Aiden and his colleague Job Dekker created the technique in 2009 for a completely different purpose—to study the shape of the human genome. Each of our cells contains around two meters of DNA, which somehow packs into a compartment just six millionths of a meter wide. To fit, the long one-dimensional DNA strands fold into a tight three-dimensional ball. Aiden and Dekker developed Hi-C to study these folds: It freezes the entire genome in place, and reveals which bits of DNA are touching each other in three-dimensional space.
As it happens, this information also reveals how far apart two bits of DNA are likely to be in the one-dimensional string—which is really useful for assembling genomes. Think about that jigsaw puzzle. If you have two identical pieces of blue sky, you may not know where they go, but Hi-C can tell you that they have 15 pieces between them. Gather enough of that information, and you can put the whole sky together.
Two teams, one led by Dekker and the other by the University of Washington’s Jay Shendure, accomplished this in 2013, using Hi-C to assemble human, fly, and mouse genomes. A year later, a Chinese team did the same for a plant—the mustard cress. And in 2016, an American group used Hi-C to assemble the genome of a goat named Papadum. Goats had been sequenced before, but as with the Aedes mosquito, their genomes were messy, fragmented, and incomplete drafts. By contrast, Papadum’s genome was a polished work of art, with the fewest gaps of any mammalian genome to date. Adam Phillippy, one of the project leaders, jokingly called it the Greatest Of All Time (GOAT).
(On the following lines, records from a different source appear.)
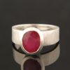 This textured Sterling Silver ring features an oval shaped, natural Ruby cabochon.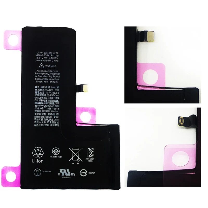 EENJEE оригинальный IC телефон батарея для iPhone XS XSMAX 11 11Pro 11ProMax SE2020 Высокая емкость Замена литиевых батарей МобильныйВнимание! Состояние батареи покажет «Сервис» с этим аккумулятором. Это не означает, что аккумулятор неисправен, но все аккумуляторы, замененные на iphoneXS, такие, независимо от того, оригинальный или нет аккумулятор.1. Продукт: аккумулятор сотового телефона 5 шт./лот для Iphone XS2. Емкость: 2658 мАч3. Батарея: используется высококачественный элемент, 100% реальная емкость, более 500 раз4. Материал ячейки: литий-полимерный 100% LiCoO2, более безопасный и длительный срок службы, не расширяется, не взрывается5.IC: оригинальный IC, оригинальная печатная плата!6. Защита: защита от перезарядки, переразряда, перегрузки по току, перенапряжения!7. Гарантия: 12 месяцев8. Качество: ORG класс, работа как оригинал, без оригинального логотипа.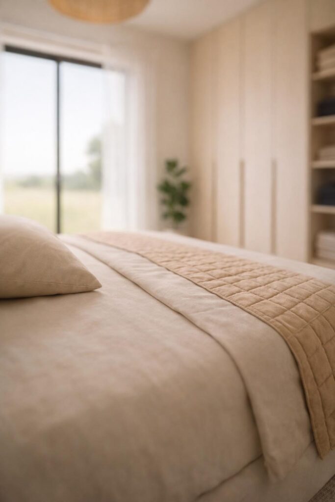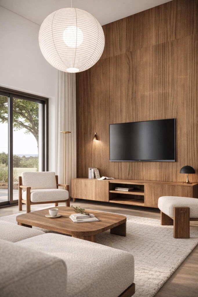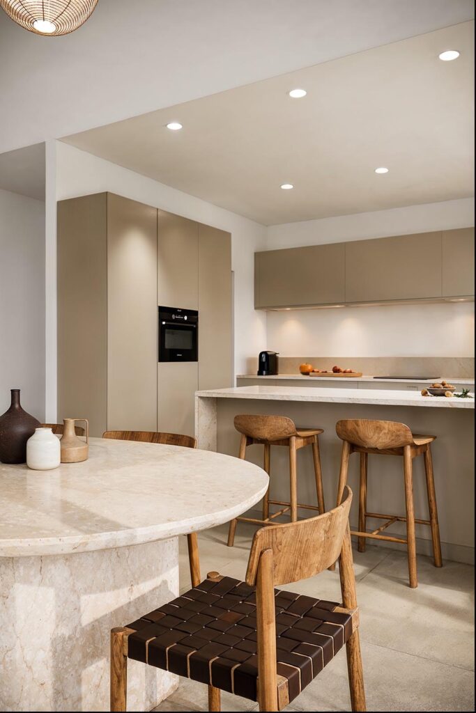 Le projet s’appuie sur une sélection de matières naturelles et intemporelles : bois chaleureux, teintes claires, textiles texturés et lignes épurées. Le salon, la salle à manger et la cuisine forment un espace de vie ouvert, convivial et baigné de lumière naturelle grâce aux larges baies vitrées donnant sur le paysage.

So Dudchenko and Batra are hardly the first to use Hi-C to assemble genomes, but they made two improvements. They developed software that can work off much shorter reads, so they can effectively solve jigsaw puzzles with 10,000 tiny pieces rather than 1,000 large ones. They also developed a better way of correcting errors along the way. “Their work significantly improves over the older projects,” says Michael Schatz from Cold Spring Harbor Laboratory, who worked on the original draft of the Aedes genome. “The assemblies they produce are an enormous improvement over the version I helped to publish in 2007.”
Being able to assemble genomes using short reads is useful because such reads are cheap. With Dudchenko and Batra’s methods, scientists can assemble many genomes on tight budgets, which is good news for several projects that are aiming to sequence 10,000 vertebrates, 10,000 birds, and 5,000 arthropods.
But Erich Jarvis from Rockefeller University, who is leading one of these dauntingly ambitious projects, says the future lies in pairing Hi-C with new sequencing technologies that can read longer stretches of DNA. That would provide higher-quality pieces for Hi-C to then stitch together. That’s what mosquito researcher Leslie Vosshall and her colleagues are trying to do for Aedes. She notes that Dudchenko started with the decade-old reads from the 2007 project, and her team is now working to re-sequence those before “applying the Hi-C magic,” she says. “We won’t be done with this chapter in the history of mosquito biology until that is fixed.”
“It has taken a while for this approach to catch its sails, because most groups did not have much experience with Hi-C, but that’s changed in the last year, as the technique has become easier to implement,” says Shendure. Indeed, at least two companies now offer it as a service. “I think this is really going to be the way genome assembly is done going forward. It’s a nice example of a technology proving useful for goals that are different than those for which it was originally developed.”